En estas semanas de confinamiento tuve la oportunidad de hablar por teléfono con algunos voluntarios de Cáritas que, por ser mayores, se han visto en la obligación de no acudir a la atención semanal. Una de esas llamadas me conmovió, pues llorando la voluntaria me expresaba su dolor por no poder acercarse al despacho de Cáritas, por no poder atender a los que venían pidiendo ayuda. Eso me hizo pensar que la Caridad cuando se palpa en la carne del pobre, del necesitado deja de ser una actividad más o un slogan bonito, para convertirse en una oportunidad de amar como Cristo nos ha amado.
Es cierto que a Cáritas acude gente de muchos perfiles, pero en casi todos se percibe una necesidad que va más allá del alimento o de lo económico, hay un deseo profundo de sentirse escuchados y atendidos, de formar parte de la vida de alguien.
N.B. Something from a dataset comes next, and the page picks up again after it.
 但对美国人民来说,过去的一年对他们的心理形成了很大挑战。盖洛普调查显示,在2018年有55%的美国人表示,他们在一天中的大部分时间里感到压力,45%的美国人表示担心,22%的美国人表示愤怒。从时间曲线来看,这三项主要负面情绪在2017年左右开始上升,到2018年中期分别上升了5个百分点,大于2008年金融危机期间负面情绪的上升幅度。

La atención en Cáritas, semana tras semana, va creando una relación que supera el puro trámite caritativo, ya que se llega a conocer poco a poco a las personas: están los que no levantan cabeza y viven sumidos en la tristeza, los que vienen siempre con una sonrisa en la boca, porque como dice el dicho: «a mal tiempo buena cara». Los hay que son más tímidos y los hay que buscan la manera de sacar todo lo posible, los hay de distintas razas, países, religión,… pero esta gran diversidad se unifica en la ley del amor: «amaos como yo os he amado». Todos son hijos de Dios necesitados de su amor, de nuestro amor.
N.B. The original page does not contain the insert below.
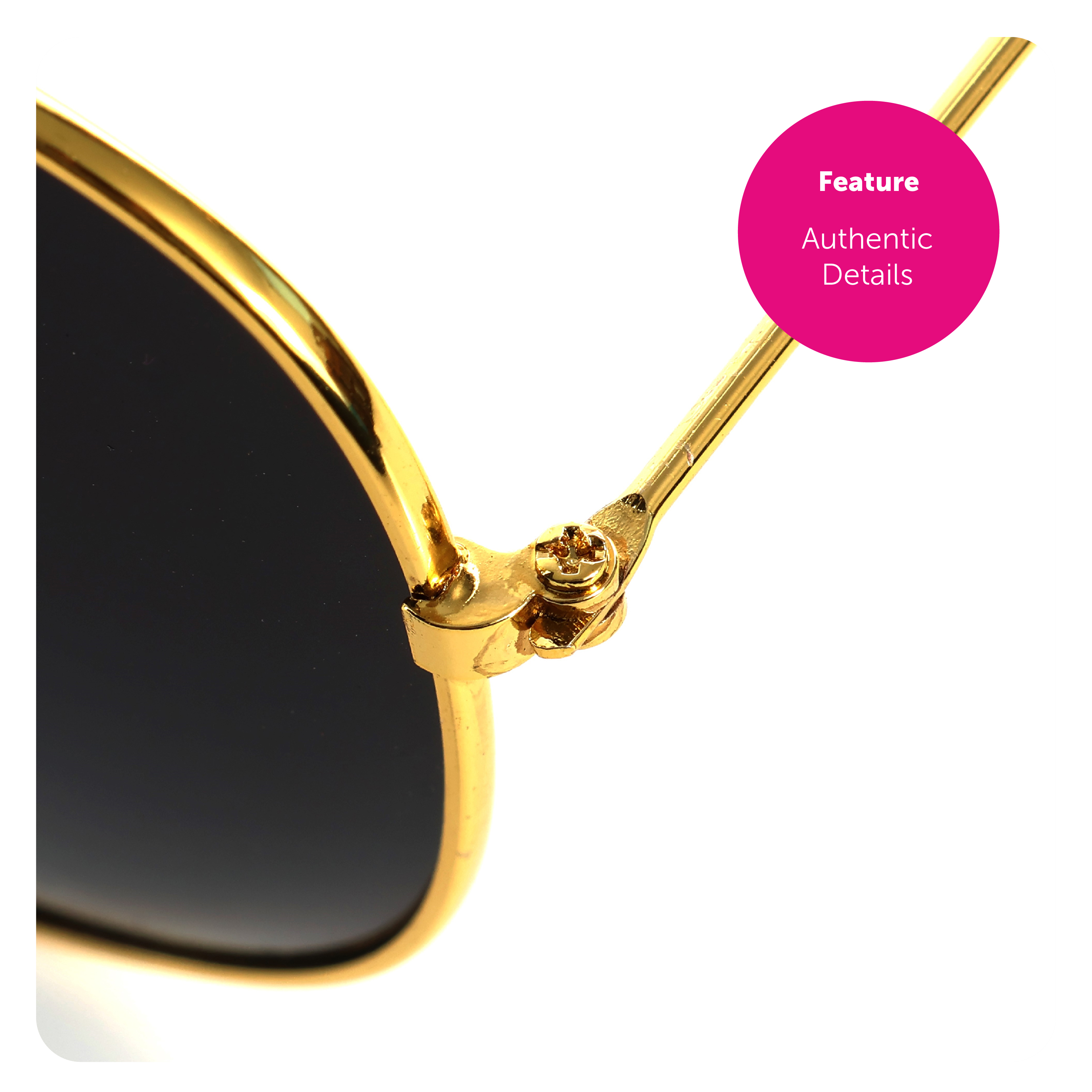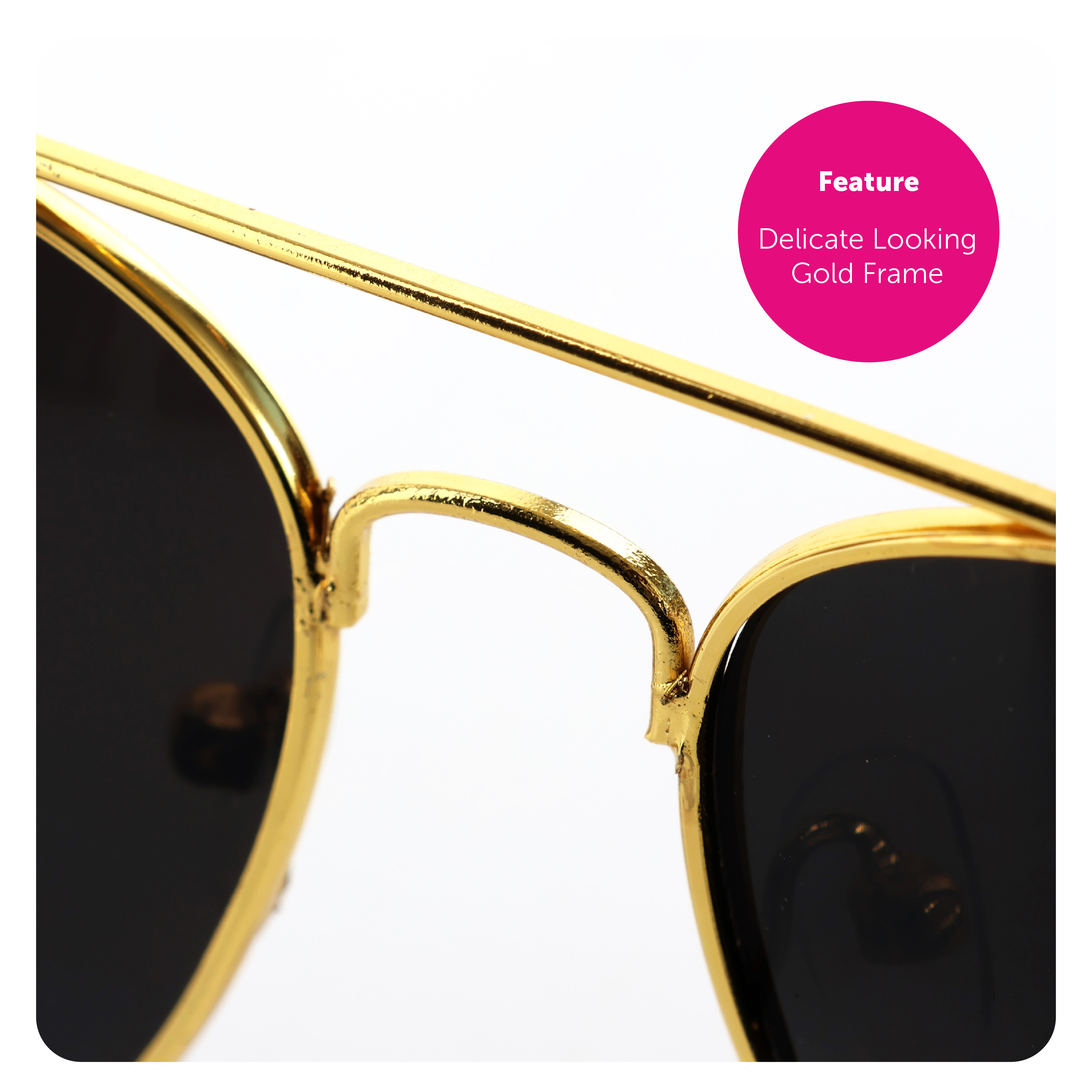 AVIATOR SUNGLASSES DETAIL: Your Sunglasses have black lenses in a delicate looking, durable, Gold Frame and will comfortably fit anyone’s face regardless of age and size!

Por eso, aquellas lágrimas de la voluntaria me hizo caer en la cuenta de que no llegaremos a amar de verdad a Dios y al prójimo, sino tocamos la carne del pobre, del que sufre, del enfermo,… Pero, para que esta caridad sea perfecta y no caigamos en puro voluntarismo, o en una mera compasión estéril que busca llenar mi deseo de sentirme bien conmigo mismo, es necesario que bebamos de la fuente de ese Amor que lo da todo sin esperar nada a cambio, de ese amor que es capaz de transformar la vida del que se deja amar dignificándolo y levantándolo de sus miserias. Y esa fuente es, sin duda, la Eucaristía. La Caridad cristiana nace de la Eucaristía, fuera de ella la caridad se convierte en tan solo una acción social.
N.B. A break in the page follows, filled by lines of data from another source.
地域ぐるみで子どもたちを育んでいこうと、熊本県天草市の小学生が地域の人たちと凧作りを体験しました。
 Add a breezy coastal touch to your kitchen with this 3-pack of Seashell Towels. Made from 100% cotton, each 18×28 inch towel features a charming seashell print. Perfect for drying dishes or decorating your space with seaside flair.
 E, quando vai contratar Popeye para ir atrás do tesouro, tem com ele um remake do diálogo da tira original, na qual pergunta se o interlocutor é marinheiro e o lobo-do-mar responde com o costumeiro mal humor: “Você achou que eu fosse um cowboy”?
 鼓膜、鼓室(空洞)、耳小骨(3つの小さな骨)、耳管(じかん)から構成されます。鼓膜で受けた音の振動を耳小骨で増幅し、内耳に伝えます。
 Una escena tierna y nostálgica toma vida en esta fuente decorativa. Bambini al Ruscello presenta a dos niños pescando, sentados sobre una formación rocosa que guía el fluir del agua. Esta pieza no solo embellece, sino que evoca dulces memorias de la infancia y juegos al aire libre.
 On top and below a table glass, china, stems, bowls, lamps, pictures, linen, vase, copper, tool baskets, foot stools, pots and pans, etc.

Al respecto, la Madre Teresa de Calcuta decía: «Es por eso que incluso a las hermanas más jóvenes debe enseñárseles acerca de esta presencia (de Cristo), en la eucaristía y en los pobres. Y esas dos presencias son en realidad una solo presencia, es como dos amores, aunque en realidad es uno solo, y por eso iniciamos el día con la oración, con la misa y la santa comunión. Solo una vez que lo hemos recibido como pan de vida… Entonces nos da la fuerza, el valor, el gozo y el Amor para tocarlo amarlo y servirlo en los más pobres de los pobres. Sin Él no podríamos hacerlo, pero con Él lo podemos todo».
Esto es pues en definitiva lo que celebramos en la solemnidad del Corpus Christi, en cada Eucaristía se actualiza el gran «acto solidario» de Dios para con el ser humano. Él quiso compartirlo todo con nosotros, incluida la pobreza, la necesidad, el sufrimiento y el dolor y la mismísima muerte, y por eso al comulgar nos invita a imitarle: «anda y haz tú lo mismo».
Acabo de nuevo con palabras de la Madre Teresa: «Mirad a vuestro alrededor y ved, mirad a vuestros hermanos y hermanas no sólo en vuestro país, sino en todas las partes donde hay personas con hambre que os esperan. Desnudos que no tienen patria. ¡Todos os miran! No les volváis las espaldas, pues ellos son el mismo Cristo!
Le pido al Señor que nuestra Caridad no sea una farsa, ni un adorno para quedar bien ante los demás, sino el estilo propio de una Iglesia que es fiel a su Señor! No busquemos reconocimientos ni aplausos, sino servir bien a Aquél al que se lo debemos todo, Cristo.